= Jose Waldberg =

Josef Rudolf Waldberg (15 July 1915 – 10 December 1940), real name Henri Lassudry, was a Belgian national posing as a German (then aged 25), who, along with three accomplices, Karl Heinrich Meier, a Dutchman of German origin, Dutchman Charles Albert van der Kieboom, and Dutchman Sjoerd Pons were sent on an espionage mission to England. All four of them were caught. They were tried for treachery at the Old Bailey the previous month in front of Mr Justice Frederic Wrottesley. Waldberg, Meier, and Kieboom were found guilty, while Pons was acquitted. At the time, it was believed that Waldberg was German, albeit research has shown that he was Belgian.

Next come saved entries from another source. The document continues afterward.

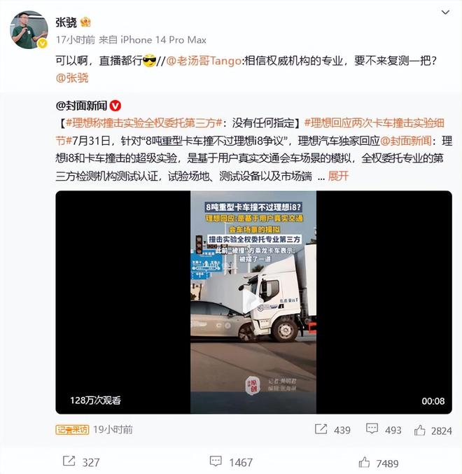 理想汽车的回应也很硬气,首先表示测试是基于真实交通场景的模拟,全权委托第三方检测机构完成,测试车辆、场地、设备等均由检测机构提供,理想方无指定。
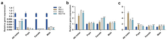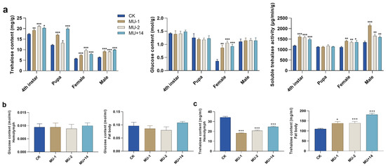 Effects of Pxtret1-like knockout on the expression of TPS and TRE in Plutella xylostella at different developmental stages. (a) The expression of TPS; (b) the expression of TRE1-1; (c) the expression of TRE1-2. CK: wild-type strain; MU-1: PxTret1-like-1 bp mutant; MU-2: PxTret1-like-2 bp mutant; MU+14: PxTret1-like+14 bp mutant. Error bars represent standard error of the mean. An ndependent-samples t-test was used. * indicates p < 0.05; ** indicates p < 0.01; *** indicates p < 0.001.
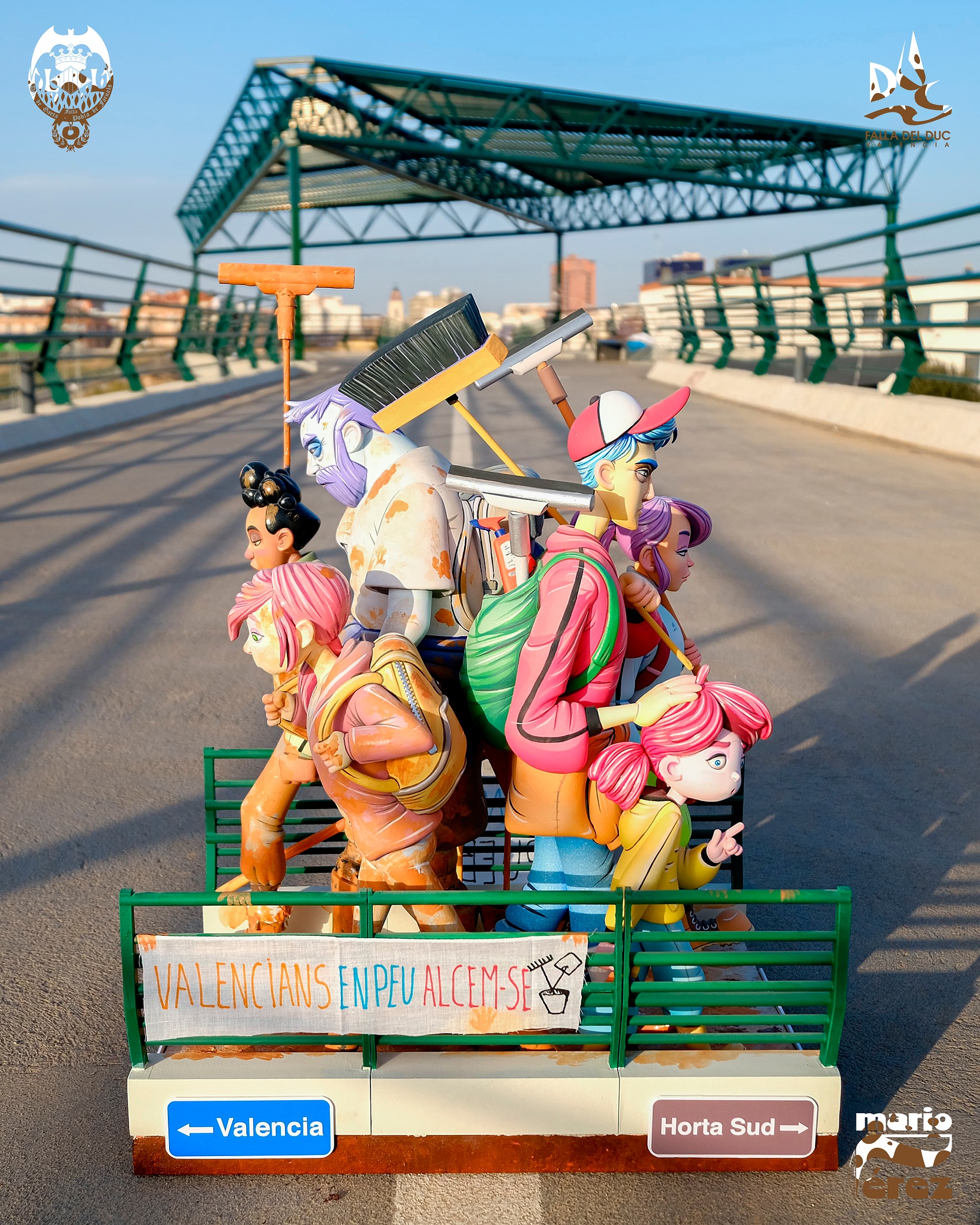 El diseño del ninot, a cargo del reconocido artista fallero Mario Pérez, refleja de manera delicada y emotiva la importancia de la solidaridad y el trabajo colectivo en momentos de crisis.
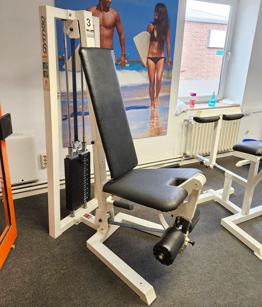 Gym80 Beinbeuger liegend, Leg Curl lying, Oldschool Bodybuilding Kraftgerät - Edition oder Classic Line, Rahmenfarbe Weiß, gebraucht und geprüft mit Gebrauchsspuren
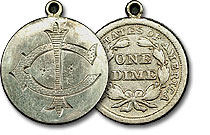 This cute love token is engraved with the initials IC on a silver US Dime and is affixed with a loop for use on a necklace or bracelet. ... |
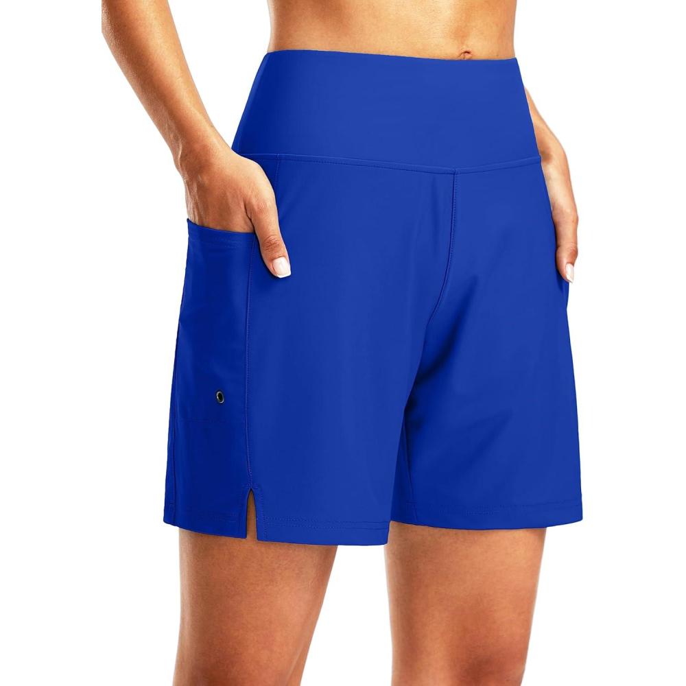 G Gradual Women’s 7″ Long Swim Board Shorts High Waisted Quick Dry Beach Swimming Shorts for Women with Liner Pockets(Blue)
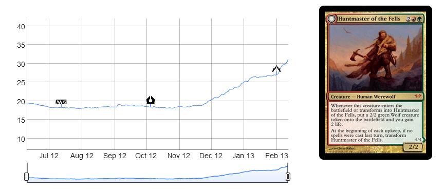 Huntmaster of the Fells –- This card has been on our radar for quite a while and has finally passed the $30 mark. Since it has replaced Bloodbraid Elf in Modern Jund, it could potentially become the next $40+ Standard mythic. We may be close to sell right now, but I see it gaining popularity, not losing it.
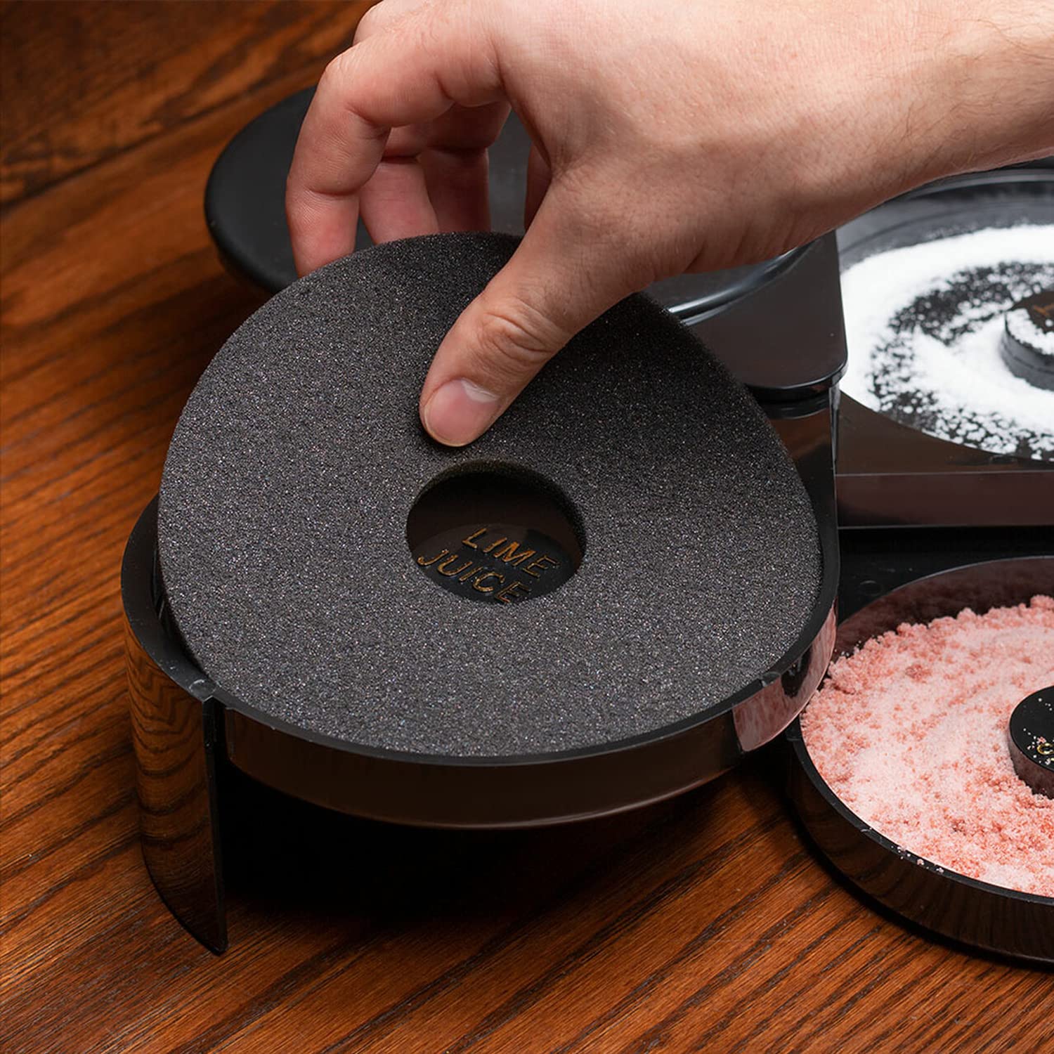 - đăProfessional Bar QualityăïŒThis glass rimmer contains a tray for lime, a tray for salt and a tray for sugar. Ideal for home or professional bars, hotels, restaurants, resorts, etc. And black color matches any decorations.

Waldberg and Meier were both hanged at Pentonville Prison in London on 10 December 1940. Kieebom was hanged on 17 December 1940. These were the first executions under the Treachery Act. The spies were sent to Britain in preparation for the planned German invasion, which never arrived. When questioned by the Intelligence Services Waldberg told them that he would soon be in charge. At his trial Waldberg finally realised the seriousness of his situation and told the court that he'd only taken the mission because his father was in trouble with the Gestapo. Waldberg also admitted that he wasn't a fully trained spy, but that he was studying it. They both spoke good English, and carried papers showing them to be Dutch refugees from the Nazis.